07 | THE STAR

484 107 31
                                    

Makin banyak vote dan komentar, makin semangat aku buat rajin upload. Happy reading ❤️

.

.

.

Sebuah Keyakinan

Kini mereka berada di sebuah kedai kopi yang memperbolehkan pelanggan untuk membawa makanan dari luar karena kedai ini hanya menyediakan minuman. Lokasinya tepat berada di sebelah supermarket. Kedainya kecil. Hanya ada lima kursi pelanggan yang setengahnya kosong. Interiornya bergaya kontemporer. Aroma biji kopi menjadi pengharum alami.

Berbagai jenis nigiri dan sushi dalam kemasan diborong Edgar untuk Bonnie. Ditambah lusinan mochi bermacam varian isian, es krim, katsu, serta takoyaki. Bonnie sampai meringis membayangkan sebegah apa perutnya nanti jika sanggup menghabiskan semua makanan ini.

"Kok cuma dilihatin?"

Edgar datang dengan membawakan dua gelas minuman pesanan mereka. Teh beraroma bergamot untuk Bonnie, dan americano untuknya sendiri. Usai meletakkan minuman di meja, Edgar duduk di kursi sebelah Bonnie.

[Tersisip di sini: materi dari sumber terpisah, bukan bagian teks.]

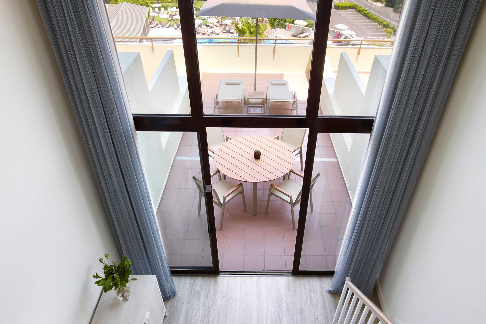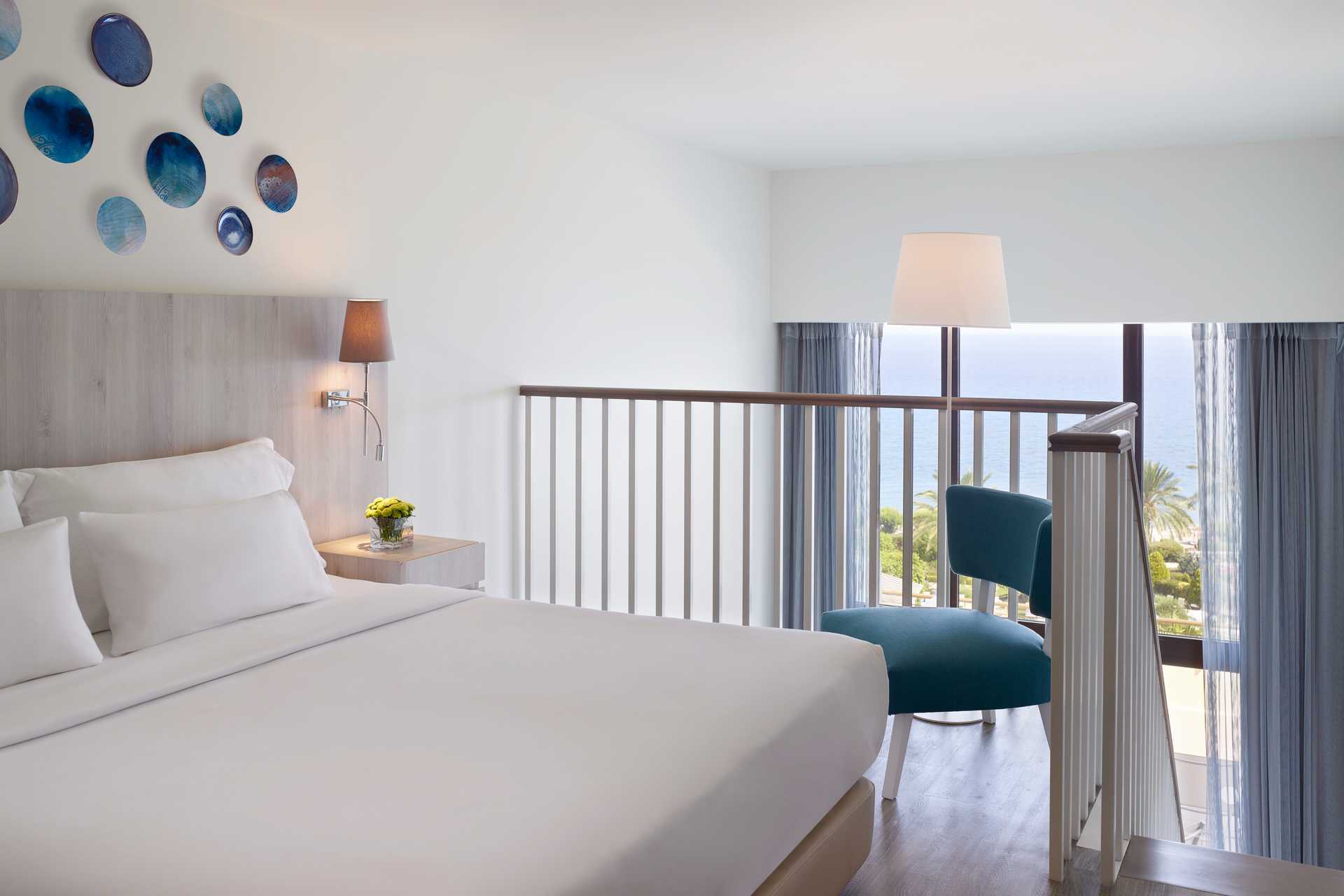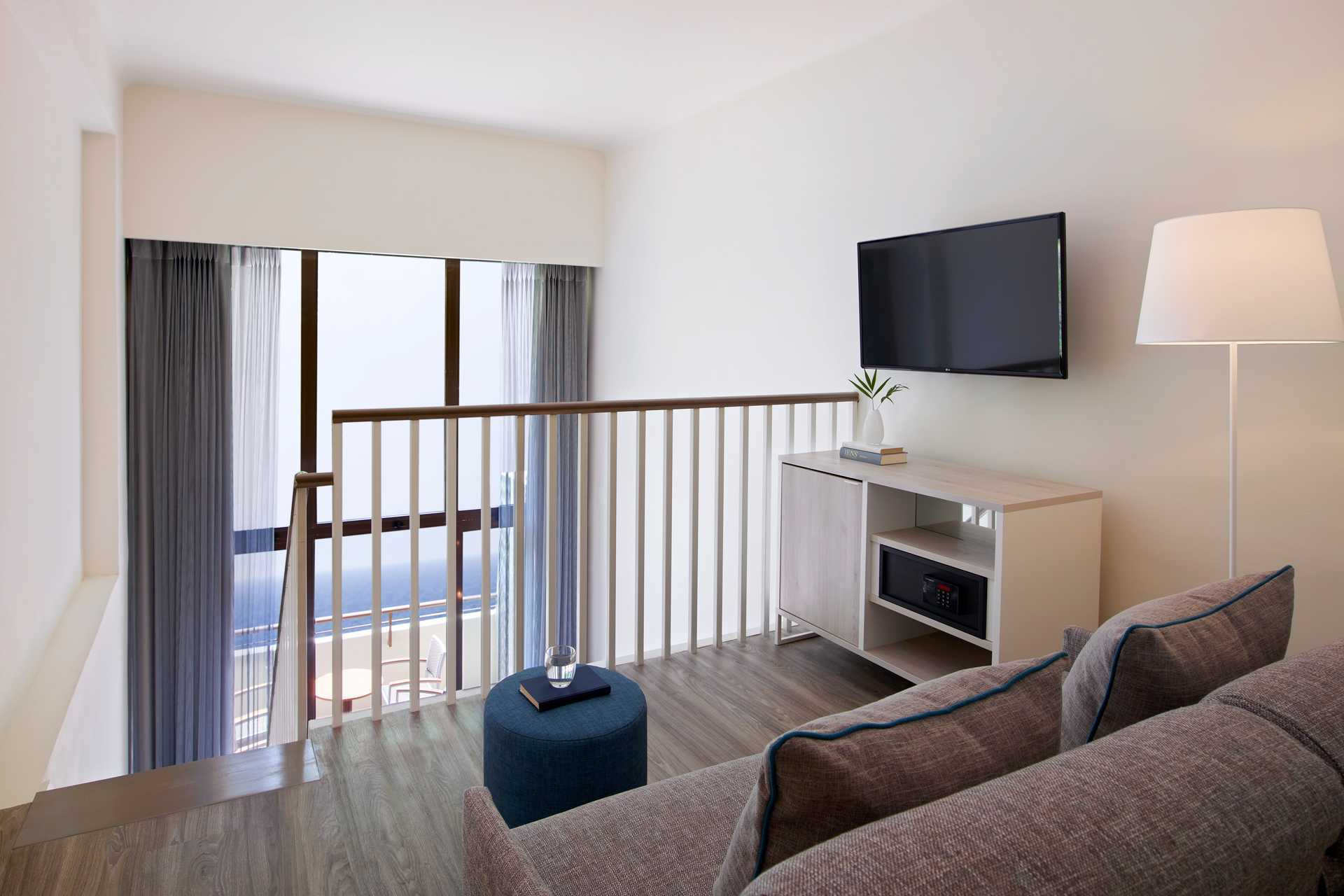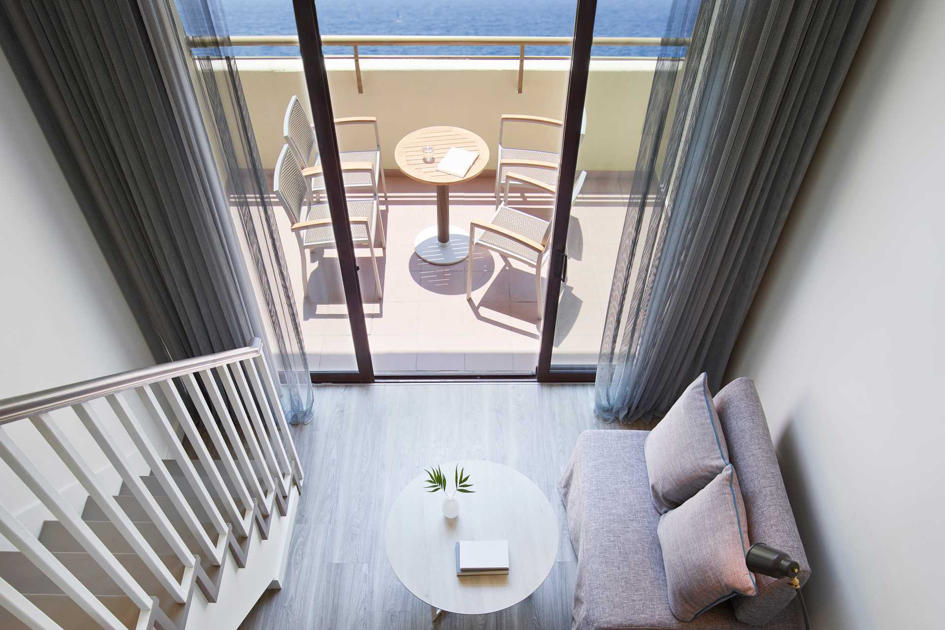 Familjerum i etage med balkong, stora panoramafönster och havsutsikt. På entréplan finns ett vardagsrum med en bäddsoffa och ett badrum med dusch och wc. En trappa upp finns ett sovloft med en dubbelsäng eller två enkelsängar och ett badrum med badkar och wc. Öppen planlösning mellan våningarna. En tv med internationella kanaler på varje våning. Wifi, luftkonditionering och deponering ingår. Kylskåp. Vattenkokare samt kaffe och te. Nespresso kaffemaskin. Badrockar och tofflor. Hårtork. Städning 7 ggr/vecka. Barn under två år räknas in i maxantalet personer i rummet.

"Saya bingung mau makan yang mana dulu. Om Edgar beli kebanyakan." Bonnie menyentuh kemasan nigiri telur ikan yang masih tersegel.

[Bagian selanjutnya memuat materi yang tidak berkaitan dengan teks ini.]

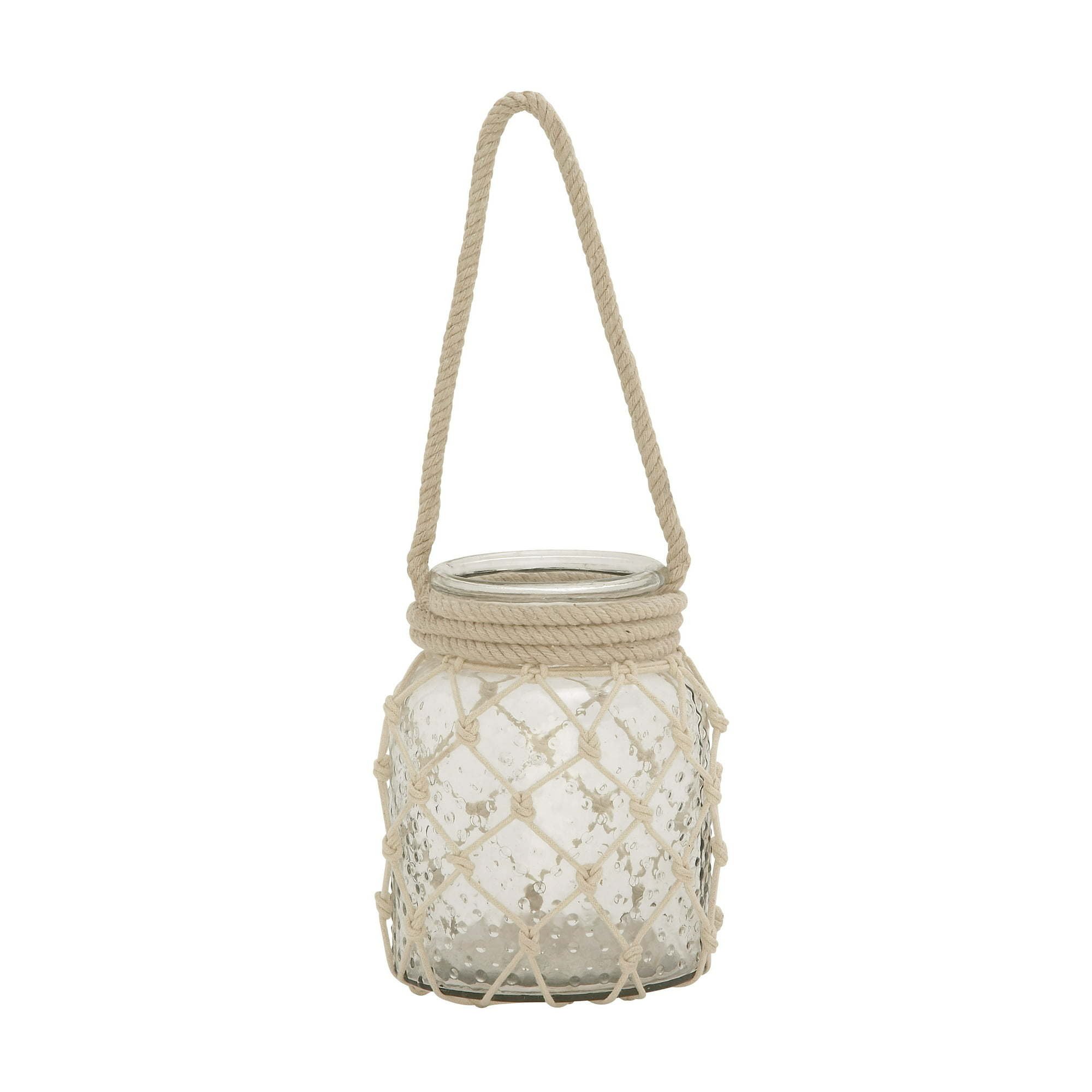 DecMode Clear Glass Decorative Candle Lantern with Rope Handle is a unique addition to your stylish home. Delight your guests and make any occasion extra special by adding a lighted or flameless candle to this lantern. Made with a sturdy base, it is perfect for creating an elegant atmosphere at your table top or mantel. Captured the beauty of the sea as you display this playful jar bottle pillar candle holder on light-toned wooden furniture pieces. Can hold one pillar candle, not included. This item ships in 1 carton. Please note that this item is for decorative use only. Glass candle lantern makes a great gift for any occasion. Suitable for indoor use only. This item ships fully assembled in one piece. Made in India. This is a single clear colored lantern candle holder. Coastal style.

Edgar tertawa kecil. "Saya merasa bersalah karena nggak mengalah kemarin. Seharusnya nigiri salmon yang waktu itu kamu saja yang bawa."

"Saya kan udah beli salmon." Bonnie beralasan.

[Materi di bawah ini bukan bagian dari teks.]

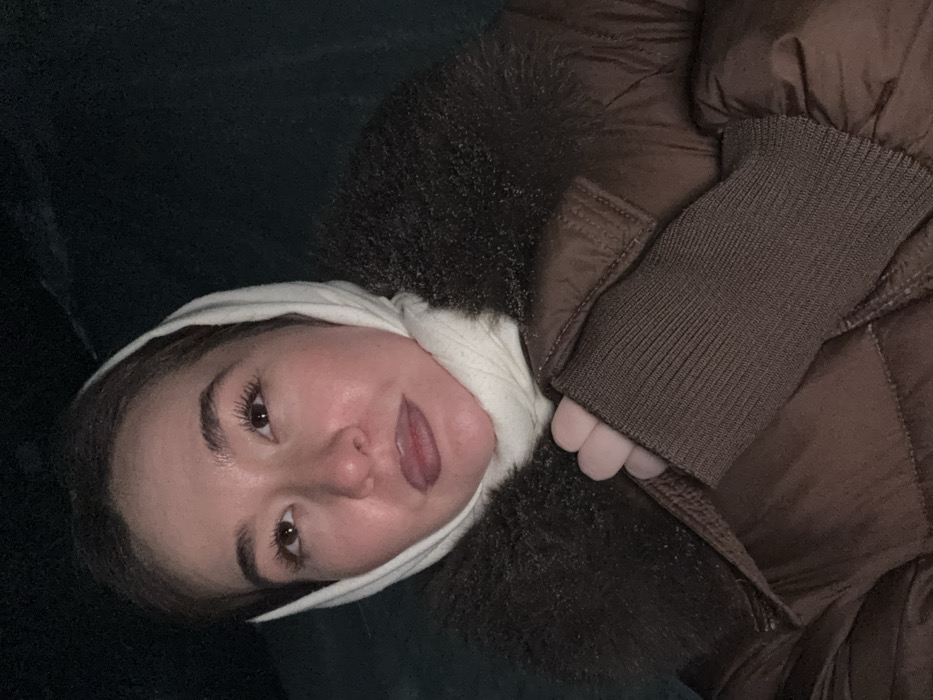 A young woman lies on a dark green surface, wearing a white hood and a brown, quilted winter jacket with a furry collar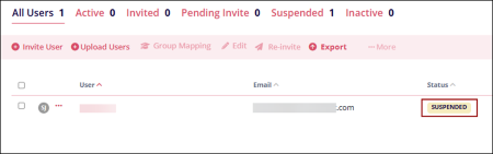 - Users with suspended training are displayed with the ‘Suspended’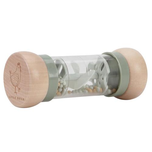 De regenrammelaar is ontworpen voor kleine handjes en ligt lekker in de hand.

Lelaki di sampingnya mengibaskan tangan tak ambil pusing. "Ini nggak seberapa, Bonnie. Demi membuat perasaan saya lebih baik juga." Ia membuka sebuah sumpit sebelum menyerahkannya pada Bonnie yang diam-diam tersipu.

"Bukannya Om lagi buru-buru?"

Edgar mengangkat sebelah alis. "Siapa bilang?"

"Tadi? Beli pena buat tandatangan kontrak, kan?"

"Bukan berarti saya lagi buru-buru. Masih lama. Saya janjian setelah makan siang." Edgar mengambil sumpit untuk dirinya sendiri. "Ngomong-ngomong, panggilan 'Om' agak ketuaan, ya? Memangnya saya om kamu?"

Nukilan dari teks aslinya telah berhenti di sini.